Words have a way of sticking in your heart like a single drop of Crazy Glue to your skin. In time the sting wears off but there’s always a residue left behind.
Last year I had one of those experiences with Chase’s art teacher. He hadn’t been signed up for her class but the woodshop teacher had, “serious concerns” about a kid like Chase being in his 3-D design class. So, to meet his fine art requirement the art teacher agreed to spare her colleague and create an independent study for him.
I wasn’t angry about this and Chase shrugged it off. His great attitude improved mine.
Toward the end of the semester his art teacher was growing a little weary. Chase was struggling to finish a clay project that was vexing him. His frustration became his teacher’s and she promptly called in his case manager to vent.
I’ve learned over the years that when the alarm goes off it’s best to get to school right away. A long thread of emails has the potential to get too many knots.
His teacher was surprised to see me. In person she wasn’t nearly as comfortable expressing her concerns but I insisted.
“He’s not getting his project finished,” she said. “At the rate he’s going he won’t have it done by the end of the year and I’ll have to fail him. He was close to finished and then he tore the head off his sculpture.”
“Why?” I asked.
“I think he was upset because he realizes he’s not doing grade level work. At this age his projects should be more sophisticated. Look at what his peers can create,” she said showing me several examples of sculptures.
I smiled but the fur on the back of my back was rising.
“Are you sure that’s it?” I asked. “I know that he can be a perfectionist but he’s also patient with himself. He knows he’s making progress with his work. Do you realize he couldn’t write his name in fourth grade?”
“I think you told me that,” she said.
This made me angrier so I drove the point home a little more.
“Do you think the kids who created those other sculptures had to spend years in therapy just to be able to tie their shoes?”
This disarmed her and surfaced her real frustration.
“I just wish he’d asked me before he destroyed his piece. Now he’s running out of time and I don’t have the time to help him.”
“Have you given him a deadline?”
“That’s what he needs. Give him a deadline and he’ll get it done.”
The conversation ended with us on good terms. It didn’t hurt that Chase had swept her entire floor while we talked. But her words, “more sophisticated” had attached themselves to my heart and not in a good way.
Flash forward to last week. I had the opportunity to meet Temple Grandin. She’d come to Grand Junction to speak at the college about animal behavior. When the autism community got wind of this they came out in full force and she obliged by weaving insights about autism into her talk.
Before her presentation I was able to sit down with her one-on-one. I’d brought with me a picture Chase had drawn along with a note he’d written to her thanking her for all she’d done to indirectly help him.
She took the picture in her hand and said, “This is fantastic. He drew it from the animal’s perspective. Most people don’t do that. The picture would be from the human’s point of view.”
Not one to mince words she went on to say, “You need to start sending these to people. You have to get his work out there now.”
“He always balks at that though,” I said. “He says he’s not ready.”
“Tell him I insist,” she said.
Now a new phrase was starting to take hold but these words felt like a hug with a pat on the back that said, “Get it out there.”
I went home with an idea.
“Hey Chase for the church talent show Sunday—what about making a film with your Animal Alphabet Collection?
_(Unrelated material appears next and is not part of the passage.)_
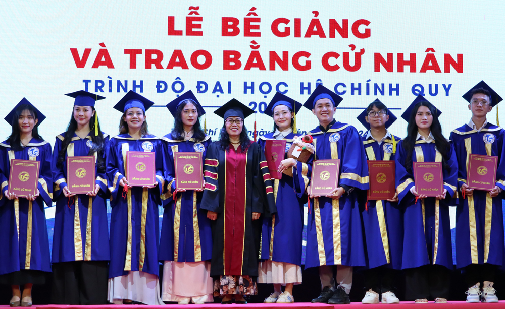 Đánh giá tình hình khóa học 2020 - 2024, ThS. Nguyễn Thanh Tùng, Phó trưởng phòng Đào tạo, Quản lý khoa học và Hợp tác quốc tế cho biết: Xét toàn khóa học 2020 - 2024, tỷ lệ sinh viên tốt nghiệp đúng kỳ hạn hơn 73%, trong đó tỷ lệ học tập loại Giỏi 74,8%, loại Xuất sắc 7,3% và rèn luyện loại Tốt 31,8%, loại Xuất sắc 13,9% là rất cao, thể hiện sự phấn đấu không ngừng nhằm khẳng định về trình độ học vấn và phẩm chất nghề nghiệp của người học.

Dr. Grandin says you need to get your work out there.”
He looked at me funny but while we talked I saw the light bulb go off. He got a vision. He came up with a storyline and I edited. After hours of work when I showed him the finished product I didn’t get teary- eyed he did.
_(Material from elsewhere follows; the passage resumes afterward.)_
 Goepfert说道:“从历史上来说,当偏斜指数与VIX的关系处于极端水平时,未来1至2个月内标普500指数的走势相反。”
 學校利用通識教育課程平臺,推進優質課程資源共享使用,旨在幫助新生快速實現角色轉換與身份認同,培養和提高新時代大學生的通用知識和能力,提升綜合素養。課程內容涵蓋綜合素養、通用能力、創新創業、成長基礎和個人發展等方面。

“What’s a matter?” I asked.
“Nothing, I’m just touched,” he said. “This is my first film. I never thought it was possible.”
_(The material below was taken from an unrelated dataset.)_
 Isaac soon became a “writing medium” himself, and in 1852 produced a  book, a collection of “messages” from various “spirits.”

“I think people will love it,” I said.
“I hope so,” he said wiping his eyes.
Later that night I took the film to church for a run through with the talent show organizer. When all the technical aspects worked I was relieved. Chase would be all set for his premiere. I was so happy for him.
Walking down the hall to leave, a penny met me on the way out the door. I reached to pick it up and saw Chase and all his peers waiting for youth group to start. With their smiling faces as the backdrop God whispered in my ear, “they don’t care about ‘sophisticated’ they care about Chase and that’s all that matters.”
And…that is all that matters because truth be told, complexity is overrated.
Congratulations Chase on taking your first step toward getting out there!